Maurice George Costello (February 22, 1877 – October 29, 1950) was a prominent American vaudeville actor of the late 1890s and early 1900s who later played a principal role in early American films as leading man, supporting player, and director.

Early life
Costello was born in Pittsburgh, Pennsylvania to Irish immigrants Ellen (née Fitzgerald; born 1853) and Thomas Costello (born 1852). His father Thomas died while repairing a blast furnace at Andrew Carnegie's Union Iron Mill when Maurice was just five months old. He had a strongly Irish upbringing, living with his mother, her Irish brother, and many Irish immigrant boarders.

Career
Costello made his film debut in 1908, but was long believed to have debuted in Adventures of Sherlock Holmes; or, Held for Ransom (1905), supposedly playing the lead in what is regarded as the first serious film to feature the character of Sherlock Holmes, since it was preceded only by the 30-second comedy film Sherlock Holmes Baffled (1900). However, Holmesian scholar Leslie S. Klinger has written that the identification of Costello in the role is flawed. Klinger states that the first identification of Costello with the role was in Michael Pointer's Public Life of Sherlock Holmes published in 1975 but Pointer later realized his error and wrote to Klinger stating

Costello joined Vitagraph, being a member of the first motion picture stock company ever formed, playing opposite Florence Turner. Among some of his best known pictures are A Tale of Two Cities, The Man Who Couldn't Beat God and For the Honor of the Family. Costello was notorious for his refusal to help build sets, insisting that he was "hired as an actor and nothing else", despite the common practice of the time. From this and his role as the creator of the first known school of screen acting, Costello is sometimes credited as "the father of screen acting".

Costello was one of the world's first leading men in early American cinema, but like a lot of other silent screen stars, he found the transition to "talkies" extremely difficult. While his leading man status was largely lost, Costello continued to appear in movies, often in small roles and bit parts, right up until his death in 1950.

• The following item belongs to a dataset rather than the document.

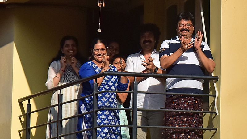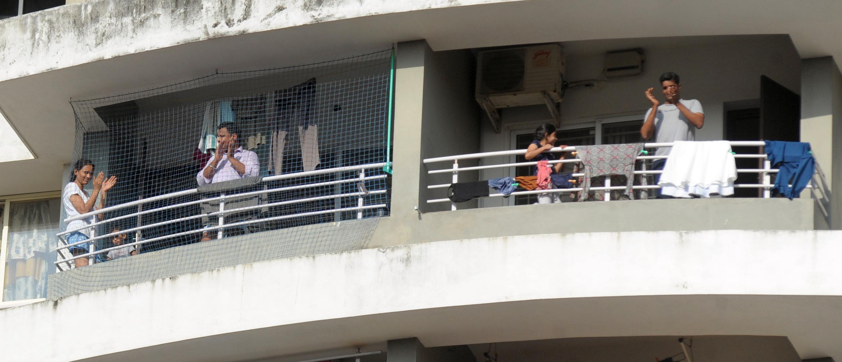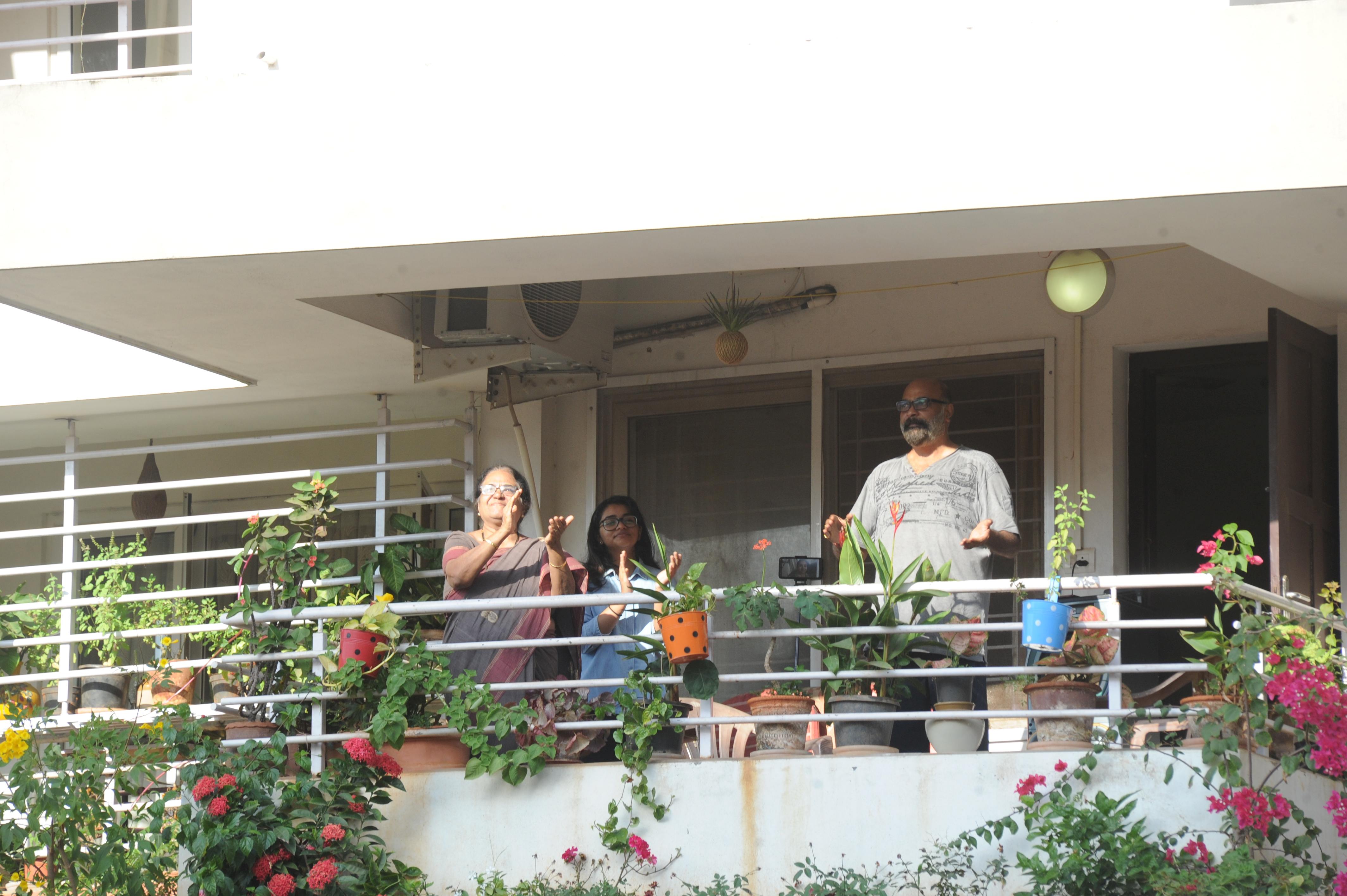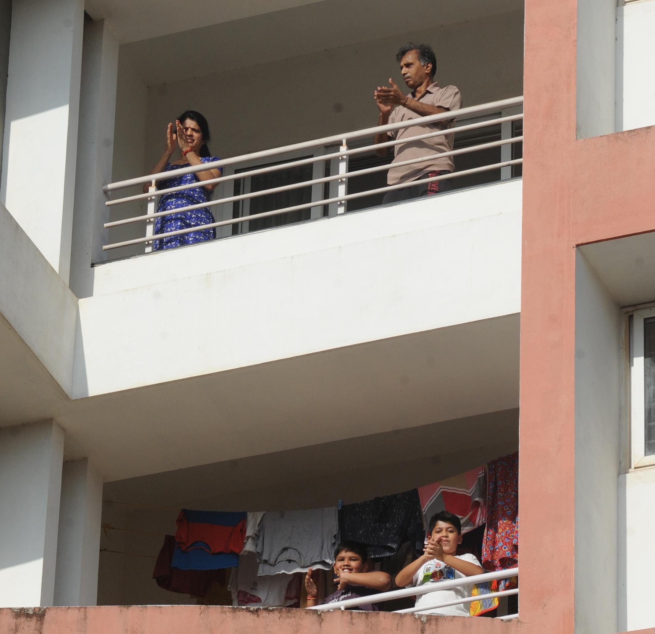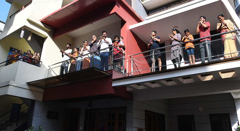 ಮಂಗಳೂರು, ಮಾ.22: ಕೊರೋನ ವೈರಸ್ ತಡೆಗಟ್ಟುವ ಸಲುವಾಗಿ ರಾತ್ರಿ ಹಗಲೆನ್ನದೆ ಸೇವೆಯಲ್ಲಿ ನಿರತರಾದ ಎಲ್ಲರಿಗೂ 'ಚಪ್ಪಾಳೆ' ತಟ್ಟಿ ಗೌರವ ಸಲ್ಲಿಸಲು ಪ್ರಧಾನಿ ಮೋದಿ ಕರೆ ನೀಡಿದಂತೆ ರವಿವಾರ ಸಂಜೆ 5 ಗಂಟೆಯ ವೇಳೆಗೆ ನಗರ ಮತ್ತು ಹೊರವಲಯದ ಬಹುತೇಕ ಮನೆಗಳಲ್ಲಿ, ಫ್ಲಾಟ್ಗಳ ಮಹಡಿಗಳಲ್ಲಿ, ಕಿಟಕಿ-ಬಾಗಿಲ ಬಳಿ ನಿಂತು ಚಪ್ಪಾಳೆ ತಟ್ಟಿದರು.

Maurice Costello also discovered Moe Howard of the Three Stooges, who, as a teenager, ran errands and got lunches for the actors at the Vitagraph Studios at no charge. This impressed Costello who brought him in and introduced him to other leading actors of the day. Moe then gained small parts in many of the Vitagraph movies but most of these were destroyed by fire that swept the studios in 1910.

Personal life

Costello was married to actress Mae Costello (née Altschuk). On November 23, 1913, Costello was arrested for beating his wife Mae. On November 25, 1913, Costello admitted that he had beaten his wife while intoxicated. Mae Costello requested that the charges be dropped to disorderly conduct, and Costello was given six months probation by Magistrate Geisner of the Coney Island Police Court.

Costello died at the age of 73 in 1950 in Los Angeles, California of a heart problem and was interred at Calvary Cemetery, East Los Angeles, a Catholic cemetery.

His descendants include two daughters, actresses Dolores Costello and Helene Costello, a grandson John Drew Barrymore, and a great granddaughter Drew Barrymore.

Filmography

References

External links

 
 Biography at Hollywood Heritage
 

1877 births
1950 deaths
Male actors from Pittsburgh
American male film actors
American people of Irish descent
American male silent film actors
American male stage actors
Vaudeville performers
20th-century American male actors
Burials at Calvary Cemetery (Los Angeles)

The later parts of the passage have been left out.